Son retratos sencillos, sin pretensiones, y en ellos se revela la magia del rostro que le sonríe o la mira sin recelo. Cuando se arrugan al reírse muestran los surcos del tiempo y el espacio que denotan la edad; también las largas trenzas con el pelo entrecano o blanco testimonian ese paso del tiempo, muchas veces no tan notable. Y ésa era en gran medida su búsqueda: que la imagen fuese natural, que no se inhibiesen ante la cámara, que no los invadiera ni los hiciera cambiar su semblante, el gesto, el momento oportuno para disparar el obturador. Y los retratos en su mayoría los dirige en suaves contrapicadas y con poca profundidad de campo, de tal suerte que el foco se concentra en el rostro principalmente, con lo que se enaltecen los personajes al agrandarlos y hacerlos casi heroicos. Esa era su elocuente mirada, que los dignificaba y los dotaba de un lugar en el universo visual; era la forma de mostrar sus virtudes, la sabiduría de esos ancianos con la familia, la comunidad, en los quehaceres y el trabajo cotidiano. Así procuró Mariana Yampolsky acercarse y dejar una huella imborrable de los pueblos del México, que amó profundamente en todas sus facetas y que rescató con gran fuerza iconográfica del pozo del olvido y del desdén.

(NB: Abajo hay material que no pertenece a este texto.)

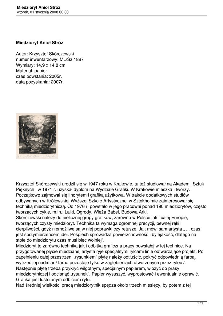 Miedzioryt Anioł Stróż wtorek, 01 stycznia 2008 00:00 Miedzioryt Anioł Stróż Autor: Krzysztof Skórczewski numer inwentarzowy: ML/Sz 1887 Wymiary: 14,9 x 14,8 cm Materiał: papier czas powstania: 2005r. data pozyskania: 2007r. Krzysztof Skórczewski urodził się w 1947 roku w Krakowie, tu też studiował na Akademii Sztuk Pięknych i w 1971 r. uzyskał dyplom na Wydziale Grafiki. W Krakowie mieszka i tworzy. Początkowo zajmował się linorytem i grafiką użytkowa. W trakcie dodatkowych studiów odbywanych w Królewskiej Wyższej Szkole Artystycznej w Sztokholmie zainteresował się techniką miedziorytniczą. Od 1976 r. powstało w jego pracowni ponad 190 miedziorytów, często tworzących cykle, m.in.: Lalki, Ogrody, Wieża Babel, Budowa Arki. Skórczewski należy do nielicznej grupy grafików, zarówno w Polsce jak i całej Europie, tworzących czysty miedzioryt. Technika ta wymaga ogromnej precyzji, pewnej ręki i cierpliwości, gdyż niemożliwe są w niej poprawki czy retusze. Jak mówi sam artysta „ ... czas jest sprzymierzeńcem idei. Pośpiech sprowadza powierzchowność i bylejakość, dlatego na stole do miedziorytu czas musi biec wolniej”. Miedzioryt to zarówno technika jak i odbitka graficzna pracy powstałej w tej technice. Na przygotowanej płycie miedzianej artysta ryje specjalnymi rylcami linie odtwarzające projekt. Po zapełnieniu całej przestrzeni „rysunkiem” płytę należy odtłuścić, pokryć odpowiednią farbą, wytrzeć jej nadmiar / farba pozostaje tylko w zagłębieniach utworzonych przez rylec /. Następnie płytę trzeba przykryć wilgotnym, specjalnym papierem, włożyć do prasy miedziorytniczej i odcisnąć „rysunek”. Papier wysuszyć, wyprostować i ewentualnie oprawić. Grafika jest lustrzanym odbiciem rytu. Nad średniej wielkości pracą miedziorytnik spędza około trzech miesięcy, by potem z tej 1/2 Miedzioryt Anioł Stróż wtorek, 01 stycznia 2008 00:00 „matrycy” móc uzyskać około stu dobrej jakości odbitek. Odbitki są numerowane ołówkiem według kolejności ich powstania – numer jest "łamany" przez przewidywany nakład prac. Po wyczerpaniu zakładanego nakładu płyta jest przekreślana, aby nie można było już z niej odbijać gorszej jakości sztychów. Miedzioryty Krzysztofa Skórczewskiego kolekcjonuje wiele muzeów, galerii, kolekcjonerów na całym świecie. Nasze Muzeum jest jedynym w Polsce gdzie w zbiorach znalazły się wszystkie prace miedziorytnicze tego znakomitego artysty. Łucja Wojtasik-Seredyszyn 2/2

Sean estas páginas para referir algunos de los miles de retratos que contiene su archivo, con la noticia de que la mayor parte de los que se presentan ahora son inéditos. Por ello, la Universidad Iberoamericana nos regala la posibilidad de ver las múltiples facetas de la fotoartista, pero aún más: la posibilidad de conocer la diversidad de este país que tanto quiso y tanto honró al trabajarlo y rescatar la mirada firme, segura y amorosa de su gente, de los que son capaces de resistir y levantarse todos los días para recuperar su presente, en espera de un futuro mejor.
Y en ello queda de manera manifiesta y explícita la intensa y profunda sabiduría que Mariana Yampolsky supo recabar, mantener y expresar entre propios y ajenos, pues constantemente mostró su profesionalismo, lo compartió y animó a los más diversos personajes a seguir las huellas de la máquina del tiempo con la cámara fotográfica, al enseñarnos sus virtudes documentales como lo podemos constatar en su magnífica obra.
Ciudad de México, agosto de 2020.
* Dirección de Estudios Históricos, INAH.
[1] Foro Judío, “Mariana Yampolsky. Fotógrafa de una profunda mexicanidad”, Foro Judío, 29 de enero de 2014, recuperado de: https://diariojudio.com/comunidad-judia-mexico/mariana-yampolsky-fotografa-con-una-profunda-mexicanidad/13855/, consultada el 8 de agosto de 2020.
[2] María Teresa Matabuena Peláez (coord.), Alegría. El legado de Mariana Yampolsky en la Universidad Iberoamericana, México, Universidad Iberoamericana, 2018, 239 pp.; María Teresa Matabuena Peláez (coord.), Facetas. El legado de Mariana Yampolsky en la Universidad Iberoamericana II, México, Universidad Iberoamericana, 2019, 296 pp.
[3] Mariana Yampolsky, La casa que canta. Arquitectura popular mexicana, México, SEP, 1982, 198 pp.